ВКонтакте
Электронный литературный журнал. Выходит один раз в месяц. Основан в апреле 2014 г.
№ 216 март 2024 г.
» » Дмитрий Бавильский. КНАУСГОР. МОТОЦИКЛИСТ НА КРЫШЕ (Часть 2)

Дмитрий Бавильский. КНАУСГОР. МОТОЦИКЛИСТ НА КРЫШЕ (Часть 2)

Редактор: Иван Гобзев


Часть 2. От лампы к цифре
(начало в № 143)



Кнаусгор, оказывается, был в Казани, путешествуя по России очеркистом от «Нью-Йорк Таймс», как это и положено первостатейной интернациональной звезде, засылаемой в экзотические страны.

Вместе с фотографом Линси Аддарио (тоже не хухры-мухры, но лауреат Пулитцеровской премии), Кнаусгор, простым журналистом (на снимках же видно: никакого пафоса) проехал по нескольким городам России, задержавшись лишь в Татарстане, где его принимал мусульманский реабилитационный центр «Ярдэм», помимо прочего, имеющий в своей мечети отдел изучения Корана слепыми людьми.

О поездке этой мало кто знает, хотя актуальные звёзды мировой культуры заезжают в РФ не так чтобы часто, – публике просто не рассказали о всемирной моде на Кнаусгора и важном значении его метода и его книг, где метод, конечно, важнее, ибо содержит прорывное технологическое открытие, которое (что большая редкость) оказывается интересным и простым, в том числе обычному читателю, даже и не догадывающемуся о сверхсложных системах жизнеобеспечения впечатлений в современном искусстве.

И это, конечно, высший класс, когда интерфейс – одно, а многодельная и сложноустроенная начинка – совершенно другое: ну вот читаешь ты, например, Мандельштама, наслаждаясь музыкой стиха, оборачиваясь на точнейшие метафоры, радуясь совпадениям со своими психологическими реакциями, и только филологи потом объяснят, какое количество ступеней и даже лестничных пролётов уходит в темноту неакцентированного контекста.

Такое мало кто умеет (из современных мне на ум приходят, разве что Владимир Сорокин и Константин Богомолов, а ещё Борис Юхананов, пожалуй), между тем, именно «идеология» позволяет тексту становиться шире себя.

С одной стороны она создаёт автору ощущение твёрдой почвы под ногами, той самой кочкой, с которой видно сразу же во все стороны света (если ты красный – мир окрашивается в красные оттенки виража, и всё, что в нём есть, становится понятным с этой точки зрения, если коричневый – всё то же самое воспринимается уже под другим углом зрения, если зелёный – под третьим), а с другой: сообщает творению неповторимый способ существования, заражая текстуальное пространство повышенной суггестией, как мы и любим (ибо она дарит нашему восприятию самостоятельность).

«Свобода есть разрушение плюс движение», – именно так Кнаусгор объясняет не только закономерность движения временных потоков, свободных от чьего-либо сознания, но и собственный творческий метод.

«Чтобы произведение состоялось, необходимо сломить энергию темы и стиля.
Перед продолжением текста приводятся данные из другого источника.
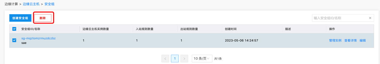 在安全组模块中,您可以在安全组列表处对安全组进行勾选删除,如下图所示:
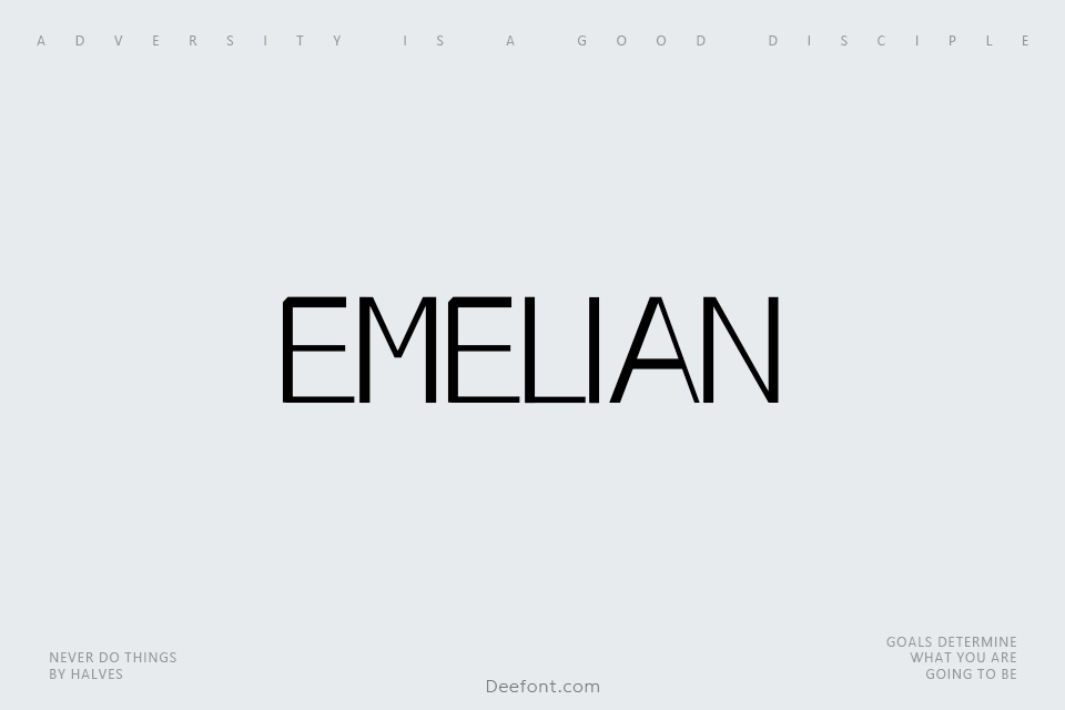 Emelian is a clean and modern sans serif font designed by Nendi Emelia. This contemporary typeface features semi-condensed proportions and semi-light weight, making it perfect for professional branding, editorial layouts, and minimalist design projects. With its sleek lines and refined aesthetic, Emelian brings sophisticated elegance to logos, websites, and creative applications. The font supports multiple languages and offers efficient space utilization while maintaining excellent legibility across various sizes and applications.
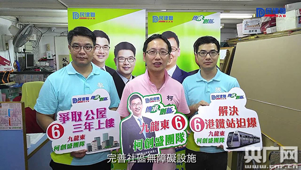柯:其實這個口號就能很好的表現(xiàn)出兩個狀況的。第一個就是反映出民建聯(lián)是一個能夠給年輕人多點嘗試參與政治機會的政黨。我們希望通過“有年輕,有干勁”這種想法,向議會注入新的動力。讓九東的市民知道年輕人是有能力,能夠擔(dān)當(dāng)起政治工作。第二句創(chuàng)新為九東,是因為九龍東面臨著很多老大難的問題,我們交通擁堵問題,長者人口多,貧窮問題嚴(yán)重,房屋問題備受關(guān)注。所以我們能夠希望通過新的思維,讓政府關(guān)注我們九龍東,所以就想到這個口號了。
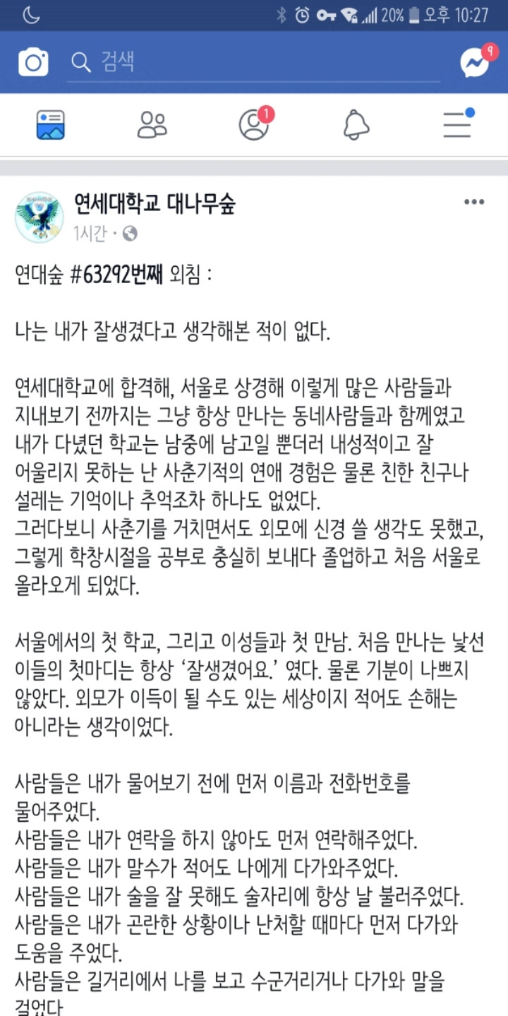 ㅋㅋ 잘생겼다고 부르는 주변사람이 그 모임에 안나가니까 뒷담까고 하는건 걔네 열등감이 맞는데, 못생긴거보단 잘생긴게 사회적인 이점이 존나게 많음... 외모가 돋보여서 정 힘들면 안경끼고 마스크 쓰고 머리 감지 말고 다녀보길.
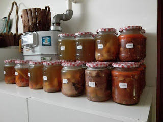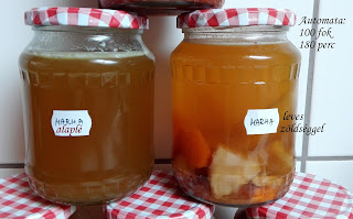 Természetesen a megfőzött ételeket nem egyszerre fogyasztjuk el, ezért üvegbe rakva hőkezeléssel tartósítva felkerültek a kamra polcára.

Вот эта ломка и есть литература. Писательство – это не столько созидание, сколько разрушение. Лучше всех это понимал Артюр Рембо…»

Важнейшая тема «Моей борьбы», точнее, её первого тома, это «как было и как стало»: Кнаусгор чувствует радикальные изменения окружающей действительности и пытается выразить их, пропустив через историю своей жизни.

Для нас тема исторического разлома выглядит гораздо проще, поскольку зарифмована с распадом СССР и с Гласностью, которые немного позже перешли в компьютеризацию и зависимость от интернета, а вот норвежцам и «всяким прочим шведам» зафиксировать границы эпох намного сложнее – у них ведь существование складывается поступательным и бесшовным.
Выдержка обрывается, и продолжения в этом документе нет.